Weight Gain and Insulin Resistance Related to PCOS

Is everyone with PCOS overweight?


The relationship between weight and PCOS is not well understood...

You could be of normal weight and still have PCOS. However, the majority of women with diagnosed PCOS are overweight or obese.

Being overweight may contribute to developing PCOS, however, weight gain is also a symptom of insulin resistance - which may be a complication of PCOS. It can be a vicious cycle if left unmanaged.


What exactly is Insulin Resistance?

Insulin is a hormone produced by your pancreas to control the amount of sugar in your blood. It helps to move glucose from blood into cells, where it's broken down to produce energy.

If you are insulin resistant, it means your body's tissues are resistant to the effects of insulin and glucose is stored as fat. Your body therefore has to produce extra insulin to compensate.

How is this related to PCOS?

High levels of insulin cause your ovaries to produce too much testosterone, which interferes with the development of the follicles (the sacs in the ovaries where eggs develop) and prevents normal ovulation. Women with PCOS produce higher-than-normal levels of male hormones, called androgens. The increased levels of androgens may cause many of the signs and symptoms of PCOS.

Insulin resistance can also lead to weight gain, which can make PCOS symptoms worse, as having excess fat causes the body to produce even more insulin.

Why does it matter if I am overweight with regards to PCOS?

The unfortunate reality is that having PCOS and being overweight or obese may lead to serious health issues that include:


More than half of women with PCOS may develop type 2 diabetes by age 40.

High blood pressure

This can affect the heart, brain and kidneys.

Unhealthy levels of cholesterol

High levels of bad cholesterol (LDL-cholesterol) and low levels of good cholesterol (HDL) increases the risk for heart disease.

Sleep apnoea

This is a disorder that causes breathing to stop during sleep and raises the risk for heart disease and type 2 diabetes.

Heart disease

Women with PCOS may be at higher risk, and this risk increases with age.

Endometrial cancer

Women entering menopause and older women with PCOS are at risk of cancer of the lining of the womb (endometrial cancer).

What can I do to help manage the PCOS complications of weight gain and insulin resistance?

Losing weight when you have PCOS could be challenging. More than a directive to lose weight, you need support and encouragement to adopt a lifestyle that helps you to be in control of your health.

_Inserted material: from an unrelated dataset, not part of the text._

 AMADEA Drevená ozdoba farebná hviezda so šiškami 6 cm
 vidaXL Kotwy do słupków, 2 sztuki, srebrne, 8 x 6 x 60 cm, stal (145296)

So, what does it mean to make lifestyle changes?

Become more active

Start exercising or changing your lifestyle to include more activity - Take the stairs, sit less and move more.

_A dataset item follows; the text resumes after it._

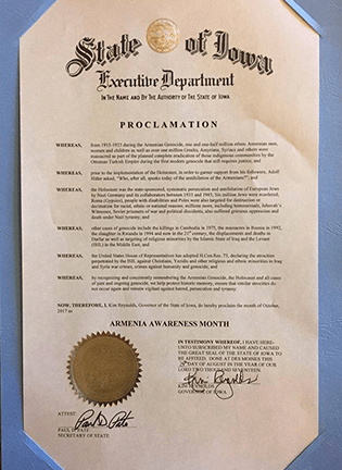 ԱՄՆ Այովա նահանգի նահանգապետ Քիմ Ռեյնոլդսը քիչ առաջ հռչակագիր է ստորագրել, որով ճանաչում է Հայոց ցեղասպանությունը: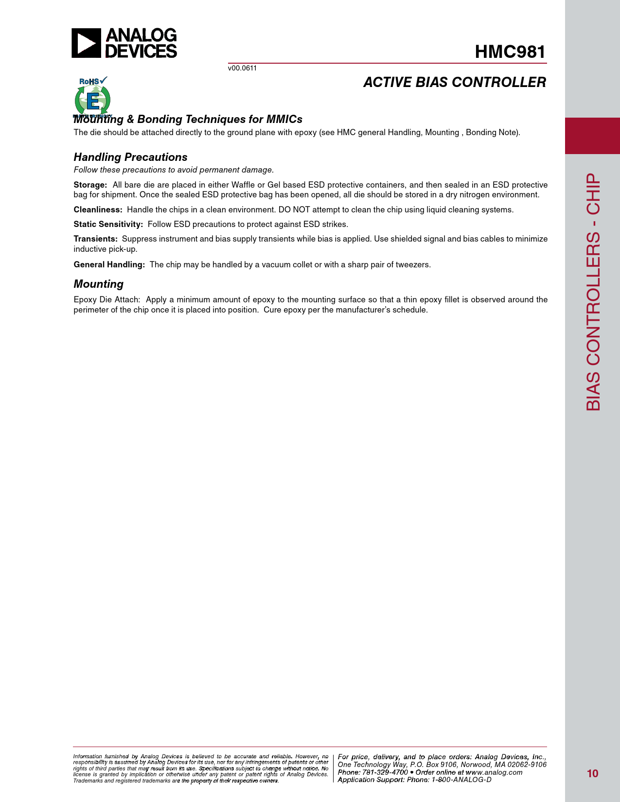 HMC981. ACTIVE BIAS CONTROLLER. Mounting & Bonding Techniques for MMICs. Handling Precautions. Storage:. Cleanliness:

Make healthier food choices

Eat a balanced, healthy diet on most days. A registered dietician can help you understand what foods are best suited for you.

While healthier changes to your lifestyle may help to reduce certain symptoms and risks...

...related to weight and insulin resistance, using a supplement to help manage the hormonal imbalance of PCOS may significantly improve your quality of life.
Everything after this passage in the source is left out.